Problem 5 (Equilibrium under constant input): Suppose \( \mathbf{u}(t)\equiv\mathbf{u}_\star \) is constant. An equilibrium state \( \mathbf{x}_\star \) satisfies \( \dot{\mathbf{x}}(t)=\mathbf{0} \). Derive the equilibrium condition and solve for \( \mathbf{x}_\star \) when \( \mathbf{A} \) is invertible.

Solution: At equilibrium, \( \mathbf{0}=\mathbf{A}\mathbf{x}_\star+\mathbf{B}\mathbf{u}_\star \), hence

\[ \mathbf{A}\mathbf{x}_\star = -\mathbf{B}\mathbf{u}_\star. \]

If \( \mathbf{A} \) is invertible, multiply both sides by \( \mathbf{A}^{-1} \):

\[ \mathbf{x}_\star = -\mathbf{A}^{-1}\mathbf{B}\mathbf{u}_\star. \]
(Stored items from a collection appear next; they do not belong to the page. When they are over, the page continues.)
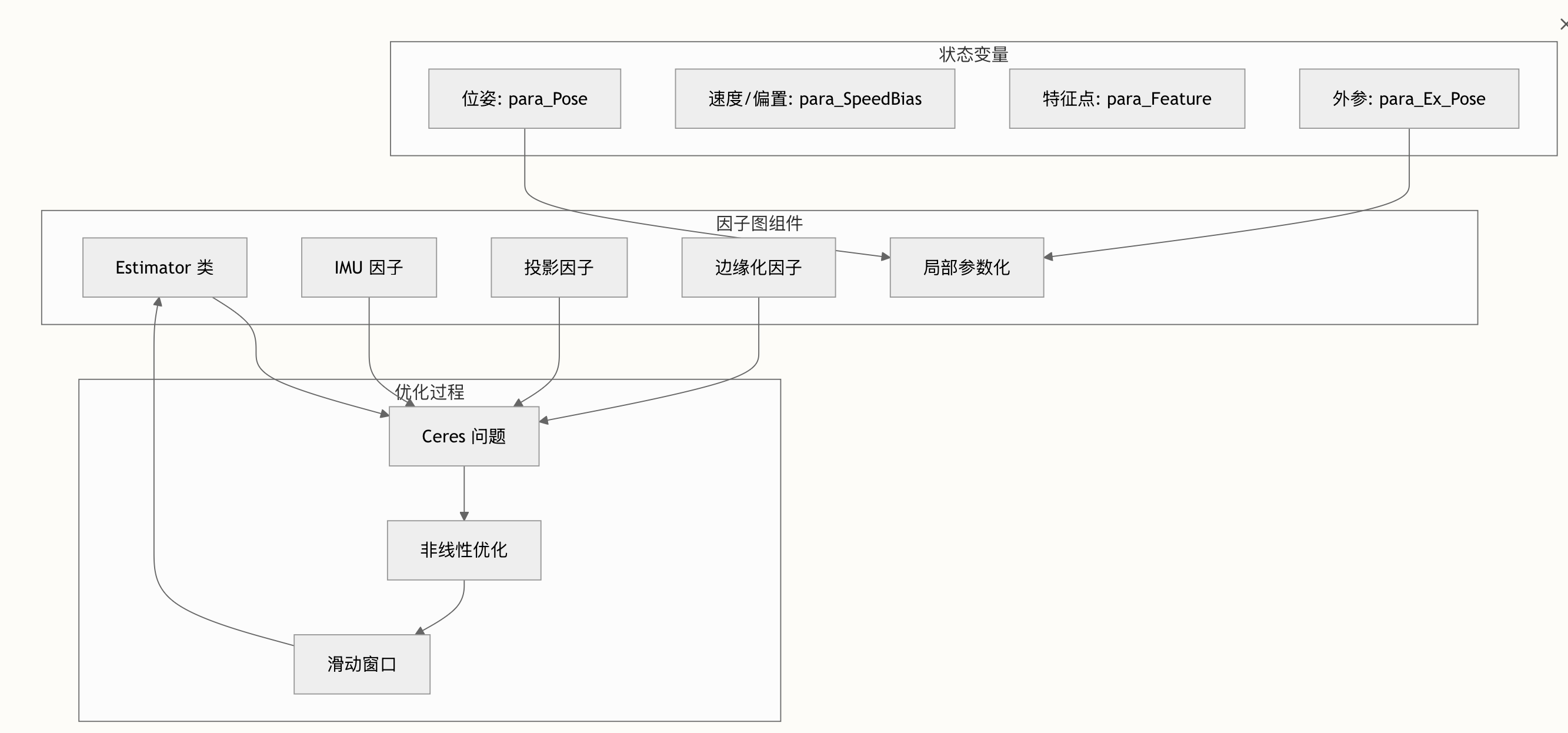 因子图优化集中在 Estimator 类 estimator.h 中,该类协调多种因子类型以实现鲁棒的状态估计。系统采用滑动窗口优化方法,为不同的传感器模态精心设计残差块。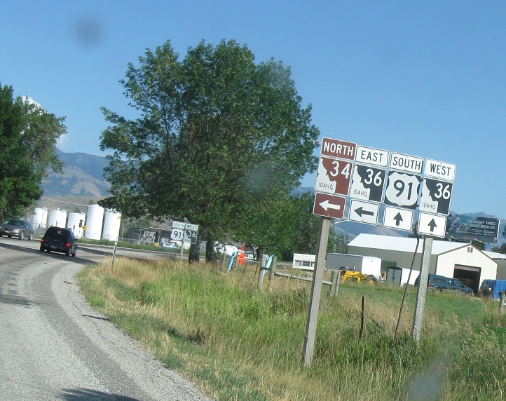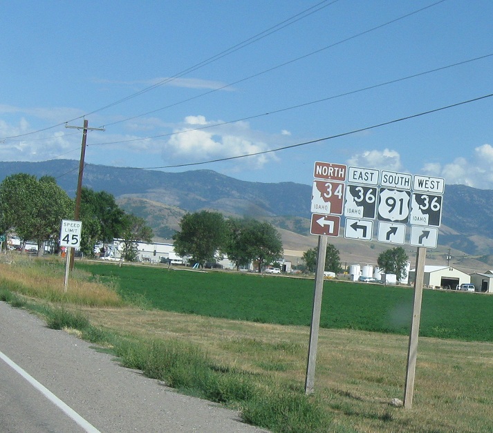 Turn left for 34 North/36 West. 34 North takes a circuitous path that eventually lands it in Wyoming’s Star Valley, near Freedom WY. Idaho 36 East heads to Montpelier, while 91 South and 36 West will head in to the main part of Preston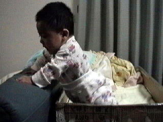 2001.12.11 ベッドで着替えをさせるとこういう風に動き、だんだん危なげ。 |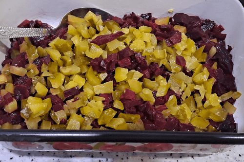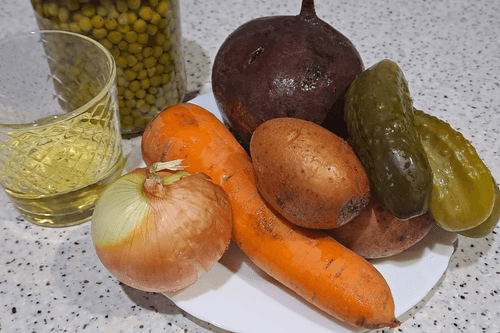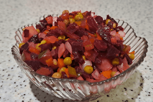 Винегрет с зеленым горошком и соленым огурцом — яркое блюдо европейской кухни, любимое многими поколениями. Его корни уходят в XIX век, когда сочетание варёных овощей с маринованными продуктами стало популярным в России. Этот салат поражает своей цветовой палитрой: рубиновая свёкла, золотистая морковь, нежно-зелёный горошек и пикантные огурцы создают настоящую картину на тарелке. Вкус винегрета — гармония сладковатой свёклы, свежего хруста огурцов и лёгкой кислинки, подчёркнутой подсолнечным маслом. Это универсальное блюдо подходит и для повседневных трапез, и для праздничного стола, хорошо сочетается с мясными и рыбными закусками. Винегрет не только вкусный, но и полезный, богатый витаминами и клетчаткой, делая его отличным выбором для тех, кто следит за своим рационом.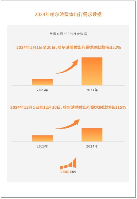 通观全年,哈尔滨无疑是一匹文旅黑马,在冰雪经济的带动下火得又快又持久。报告显示,2024年1月1日至20日,哈尔滨整体出行需求同比增长352%;2024年12月1日至12月30日,哈尔滨整体出行需求同比增长115%。其中,冰雪大世界、中央大街等地点增速更加明显。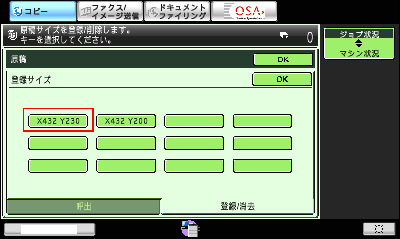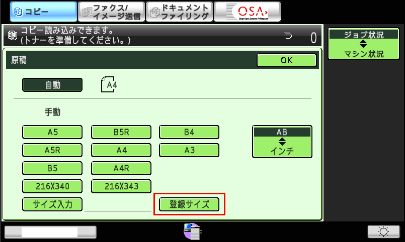 ②「登録サイズ」画面が表示されますので、原稿サイズを選択後、[OK]を押してください。

The corresponding equilibrium output is \( \mathbf{y}_\star=\mathbf{C}\mathbf{x}_\star+\mathbf{D}\mathbf{u}_\star \).

10. Summary

We established the general continuous-time LTI state-space model \( \dot{\mathbf{x}}=\mathbf{A}\mathbf{x}+\mathbf{B}\mathbf{u} \), \( \mathbf{y}=\mathbf{C}\mathbf{x}+\mathbf{D}\mathbf{u} \), including strict dimensional requirements and the structural interpretation of \( \mathbf{A},\mathbf{B},\mathbf{C},\mathbf{D} \). We proved superposition (linearity) and time invariance directly from the equations, and showed how invertible coordinate changes transform the realization via similarity transformations. Finally, we implemented the model across major scientific computing environments and verified simulation workflows.

11. References

  1. Kalman, R.E. (1960). On the general theory of control systems. Proceedings of the First IFAC Congress, Moscow, 481–492.
  2. Kalman, R.E., & Bucy, R.S. (1961). New results in linear filtering and prediction theory. Journal of Basic Engineering (ASME), 83(1), 95–108.
  3. Gilbert, E.G. (1963). Controllability and observability in multi-variable control systems. Journal of the Society for Industrial and Applied Mathematics, Series A: Control, 1(2), 128–151.
  4. Ho, B.L., & Kalman, R.E. (1966). Effective construction of linear state-variable models from input/output functions. Automatisierungstechnik (Regelungstechnik), 14, 545–548.
  5. Rosenbrock, H.H. (1970). State-space and multivariable theory: a unified approach. Proceedings of the IEE, 117(7), 1323–1330.
  6. Wonham, W.M. (1967). On pole assignment in multi-input controllable linear systems. IEEE Transactions on Automatic Control, 12(6), 660–665.